The outdoor use of lasers and other high intensity light sources in relation to air traffic safety

High intensity light sources like searchlights (in the Netherlands sometimes referred to as skybeamers) are increasingly deployed in the open air at public events, funfairs, or to attract attention to commercial venues. Other high intensity light sources like (handheld) spotlights are frequently used near construction sites or sport events. As a result, the Inspectie Verkeer en Waterstaat (the Dutch Civil Aviation Authority, CAA NL) regularly receives applications for permission to use high intensity light sources in the open airspace. Since it is currently not known how high intensity light sources may affect air traffic safety, the CAA NL is not able to assess the risks involved in the deployment of high intensity lights in the navigable airspace or to appropriately regulate their use. The CAA NL therefore commissioned TNO to investigate the effects of high intensity light sources (other than lasers) on air traffic, and (if necessary) to propose regulations and/or safety measures. In addition, the CAA NL asked TNO to investigate the safety measures that have been implemented or that may be required to guarantee the safe use of high power scientific laser installations in the Netherlands.

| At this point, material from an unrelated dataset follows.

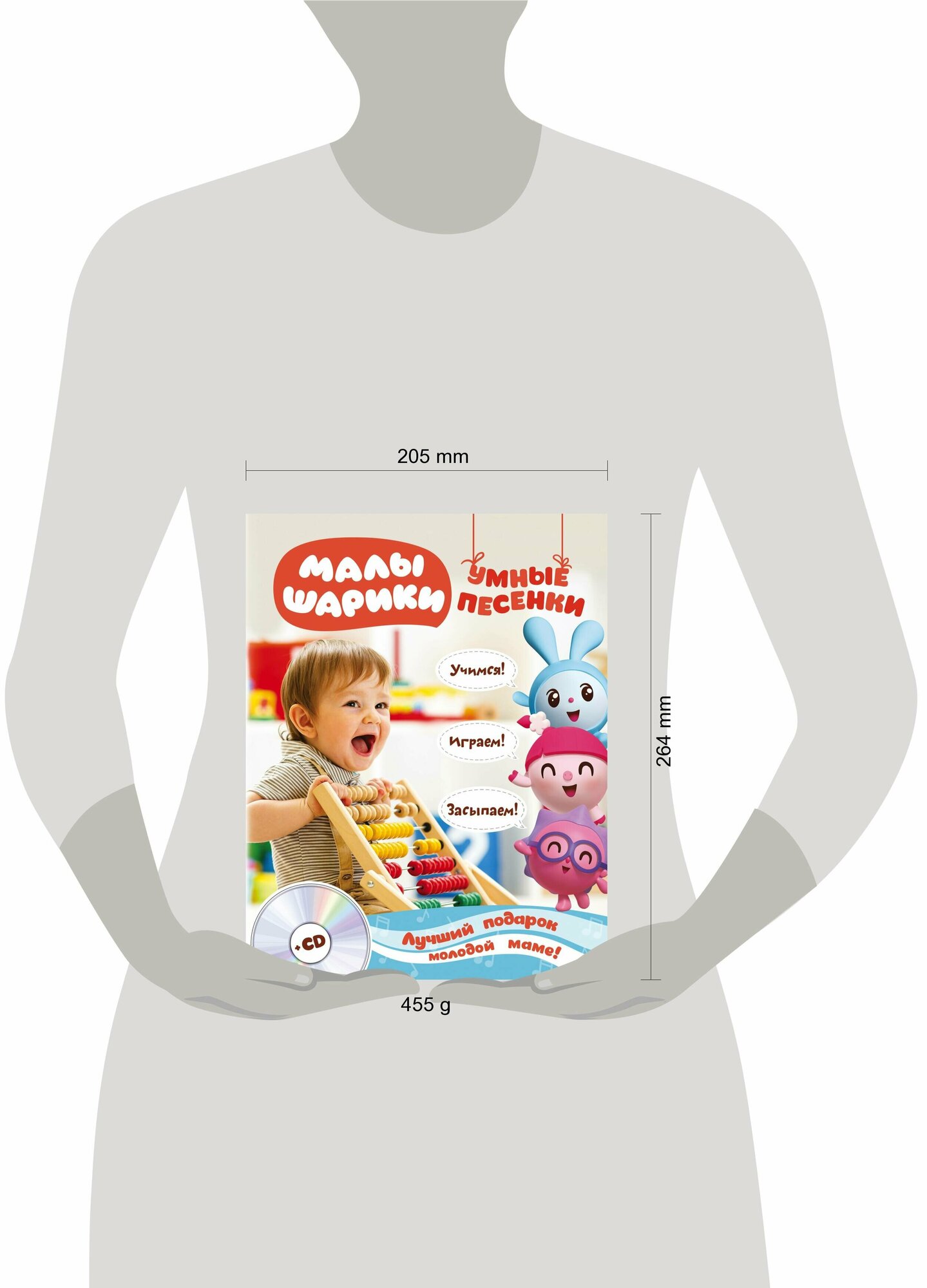 Ваш малыш обожает Малышариков? Просит включить мультфильм снова и снова, и с утра до вечера напевает "Умные песенки"? Тогда эта книжка для вас! Внутри советы, игры и рекомендации педагогов и психологов, работающих над созданием проекта "Малышарики". А ещё диск с "Умными песенками" на все случаи жизни! Включайте дома или в дороге и пойте вместе с малышом. О животных и транспорте, о формах и овощах, о волшебных словах и волшебном празднике, - Новом годе. Вместе с любимыми песенками и персонажами ребёнок легко и весело научится убирать игрушки, соблюдать режим дня, засыпать в своей кроватке и многому другому. Слушайте, пойте, читайте, играйте и растите большими и умными!

We investigated the effects of several broadband high intensity light sources and a common 3.5 mW green laser pointer on pilot vision at night. We also investigated the safety measures that are deployed for two laser systems for atmospheric research in the Netherlands.
Accurate knowledge of the visual effects induced by high intensity lights is required to assess the risks for air traffic related to their deployment in the navigable airspace and to appropriately regulate their use. Similarly, the effectiveness of safety measures for scientific laser systems should be known in order to assess their risks for air traffic.
Since the visual and biological effects of high intensity lights are similar to those induced by lasers, existing laser safety zoning around airports can also be applied to regulate the use of other high intensity light sources.
On the ground we measured the luminance of several representative high intensity lights as a function of distance, and their beam width. From these measurements we calculated the distances at which their illuminance exceeded the critical levels associated with laser safety zones around airports. We also interviewed the operators of two operational scientific laser systems on their safety protocols.
We also performed helicopter flight tests to validate the computed visual interference distances. We found that in normal use, broadband high intensity light sources pointing in navigable airspace, whether stationary or moving, cause no concern for aviation safety outside the Laser Free Zone. Intentional tracking of an aircraft with a high intensity light source may cause serious glare and distraction. Distraction may also occur when the high intensity light is the only bright light source in its environment, even when the light is not directed at the plane.
The visual impact of the laser pointer was serious when its beam hit the canopy of the helicopter. The light was unacceptably bright and caused serious glare at a distance of about 500 m. At this distance it also elicited brief afterimages. The laser pointer could not be seen when its beam did not directly hit the eye.
Both scientific systems (at ESA-ESTEC, Noordwijk and at RIVM, Bilthoven) that are currently operational for atmospheric research have sufficient safety precautions (radar and human observers) and cause no appreciable risk for aviation safety.
We conclude that there is no need to restrict broadband high intensity light sources pointing in navigable airspace anywhere outside the Laser Free Zone. The use of high intensity light sources inside the Laser Free Zone should be avoided since they can cause distraction. Intentionally tracking aircraft with a high intensity light, and especially with lasers, can seriously impair pilot vision. The safety protocols of the scientific laser systems that are currently used in the Netherlands (radar and human observers) are sufficient to guarantee aviation safety for commercial aircraft.